# Work required:
Nothing in the records may be altered, and no picture may be included. Restate them in full.

Start of Block

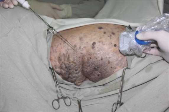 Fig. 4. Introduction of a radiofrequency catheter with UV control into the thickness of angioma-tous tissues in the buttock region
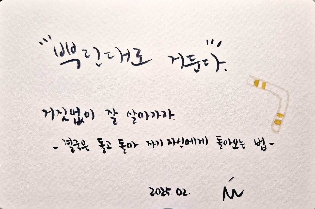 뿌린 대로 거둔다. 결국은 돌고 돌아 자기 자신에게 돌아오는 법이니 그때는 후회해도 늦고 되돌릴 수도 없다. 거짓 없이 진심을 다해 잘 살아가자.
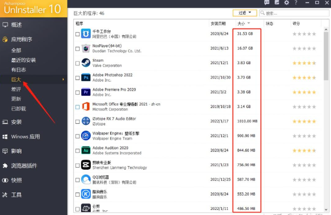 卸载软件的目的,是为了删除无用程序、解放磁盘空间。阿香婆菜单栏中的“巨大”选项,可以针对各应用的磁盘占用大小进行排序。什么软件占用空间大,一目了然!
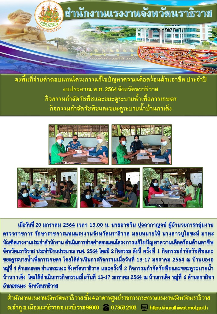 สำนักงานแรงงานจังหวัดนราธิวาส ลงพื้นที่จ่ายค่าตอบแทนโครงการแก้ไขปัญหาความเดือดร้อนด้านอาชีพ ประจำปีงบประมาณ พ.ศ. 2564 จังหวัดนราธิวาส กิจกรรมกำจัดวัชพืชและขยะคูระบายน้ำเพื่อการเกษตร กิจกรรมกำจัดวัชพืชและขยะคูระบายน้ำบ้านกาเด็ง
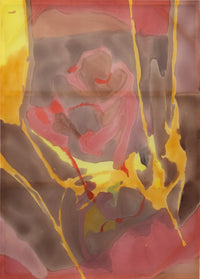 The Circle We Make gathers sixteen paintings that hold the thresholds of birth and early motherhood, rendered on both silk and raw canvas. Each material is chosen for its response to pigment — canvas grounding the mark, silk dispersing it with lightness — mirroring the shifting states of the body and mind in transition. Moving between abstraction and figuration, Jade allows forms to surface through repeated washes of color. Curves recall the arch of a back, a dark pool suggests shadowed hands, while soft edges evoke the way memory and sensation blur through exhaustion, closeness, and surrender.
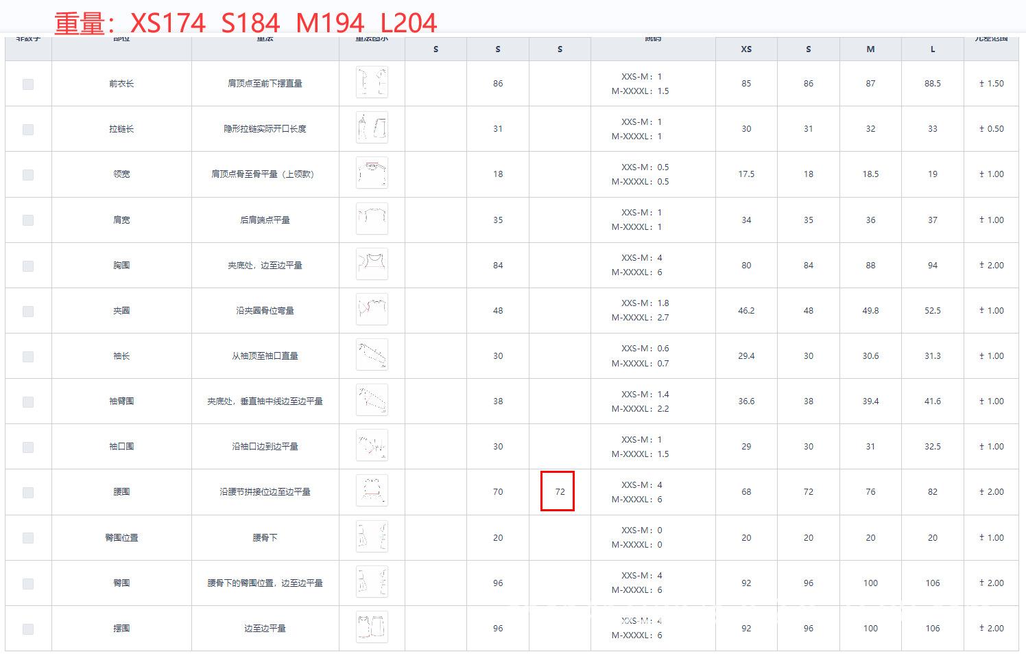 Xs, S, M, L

End of Block

# Problem solution:
 Fig. 4. Introduction of a radiofrequency catheter with UV control into the thickness of angioma-tous tissues in the buttock region
 뿌린 대로 거둔다. 결국은 돌고 돌아 자기 자신에게 돌아오는 법이니 그때는 후회해도 늦고 되돌릴 수도 없다. 거짓 없이 진심을 다해 잘 살아가자.
 卸载软件的目的,是为了删除无用程序、解放磁盘空间。阿香婆菜单栏中的“巨大”选项,可以针对各应用的磁盘占用大小进行排序。什么软件占用空间大,一目了然!
 สำนักงานแรงงานจังหวัดนราธิวาส ลงพื้นที่จ่ายค่าตอบแทนโครงการแก้ไขปัญหาความเดือดร้อนด้านอาชีพ ประจำปีงบประมาณ พ.ศ. 2564 จังหวัดนราธิวาส กิจกรรมกำจัดวัชพืชและขยะคูระบายน้ำเพื่อการเกษตร กิจกรรมกำจัดวัชพืชและขยะคูระบายน้ำบ้านกาเด็ง
 The Circle We Make gathers sixteen paintings that hold the thresholds of birth and early motherhood, rendered on both silk and raw canvas. Each material is chosen for its response to pigment — canvas grounding the mark, silk dispersing it with lightness — mirroring the shifting states of the body and mind in transition. Moving between abstraction and figuration, Jade allows forms to surface through repeated washes of color. Curves recall the arch of a back, a dark pool suggests shadowed hands, while soft edges evoke the way memory and sensation blur through exhaustion, closeness, and surrender.
 Xs, S, M, L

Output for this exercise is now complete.